Bien évidemment, comme souvent dans tout ouvrage collectif, des études de cas sont proposées, comme sur le « coût démocratique » de la politique européenne de sécurité en matière de transport, dont par exemple la juste culture pour la sécurité aérienne et l’importance des procédures. Sont aussi abordées les notions de sécurité des produits et d’information du consommateur (marquage, traçabilité, étiquetage, droit à l’information) ; celle à propos de la « flexicurité » des travailleurs en tant qu’objectif social ; celle de la sécurité maritime en se concentrant sur les accidents pétroliers et particulièrement du procès de l’Erika ; celle sur la protection civile européenne et celle sur la sécurité et la protection des frontières extérieures par l’intermédiaire de l’agence Frontex.
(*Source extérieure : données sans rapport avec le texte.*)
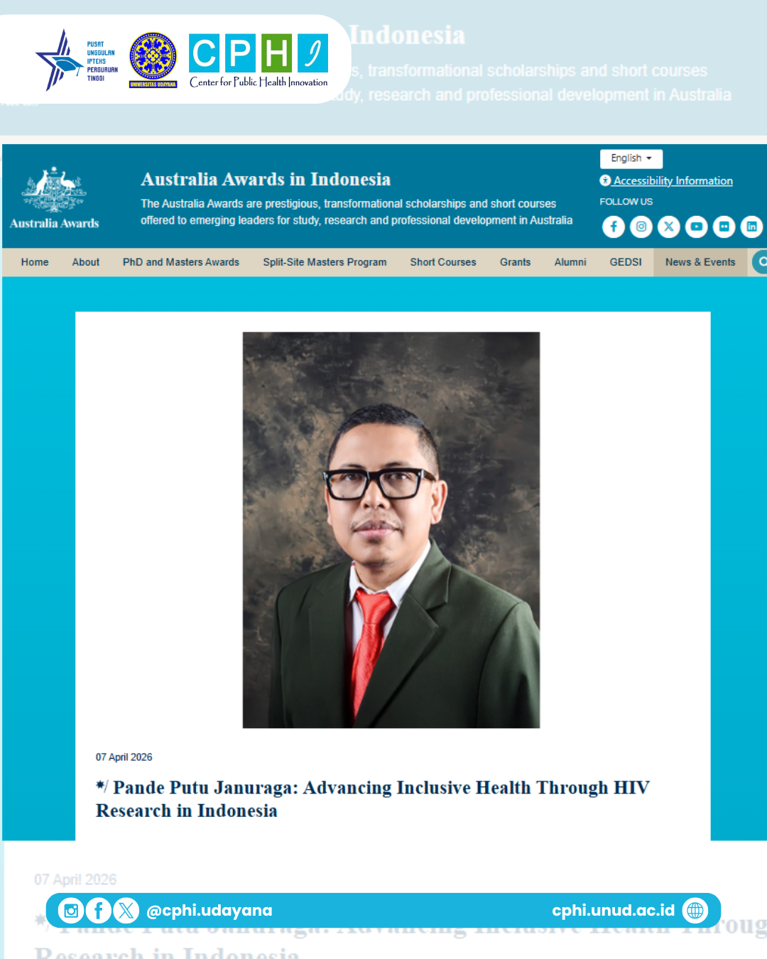 PUI-PT Center for Public Health Innovation (CPHI) Universitas Udayana mengapresiasi capaian dan kontribusi Prof. dr. Pande Putu Januraga, M.Kes., DrPH., dalam mendorong pengembangan riset kesehatan masyarakat yang inklusif, khususnya dalam bidang HIV dan penguatan sistem kesehatan di Indonesia. Perjalanan Prof. Pande di bidang kesehatan masyarakat berawal dari pengalaman klinis sebagai dokter, yang kemudian membawanya pada pemahaman bahwa tantangan kesehatan tidak hanya berada pada tingkat individu, tetapi juga pada sistem yang lebih luas, termasuk akses layanan, kebijakan, dan ketimpangan kesehatan di masyarakat. Kesadaran ini mendorongnya untuk mendalami kesehatan masyarakat dan mengembangkan pendekatan berbasis bukti serta berorientasi pada komunitas.

Nous retiendrons aussi particulièrement les chapitres sur « L’évolution des impératifs de sécurité dans les politiques communautaires » (Blanquet), celui sur la « Sécurité des produits et information du consommateur » (Garde), celui sur la « Biographie des opérations de gestion de crise de l’Union » (Hamonic) et, enfin, celui sur la « Sécurité d’approvisionnement énergétique et relations extérieures de l’Union européenne » (Petit).

Les conclusions générales permettent également de « marier » les thématiques et d’aboutir à des questions pertinentes.

Nous osons espérer qu’une mise à jour de l’ouvrage pourra être réalisée en prenant en compte les opportunités du traité de Lisbonne qui, dans ces matières, recèlent de nouvelles avancées complexes d’interprétations et d’ambiguïtés.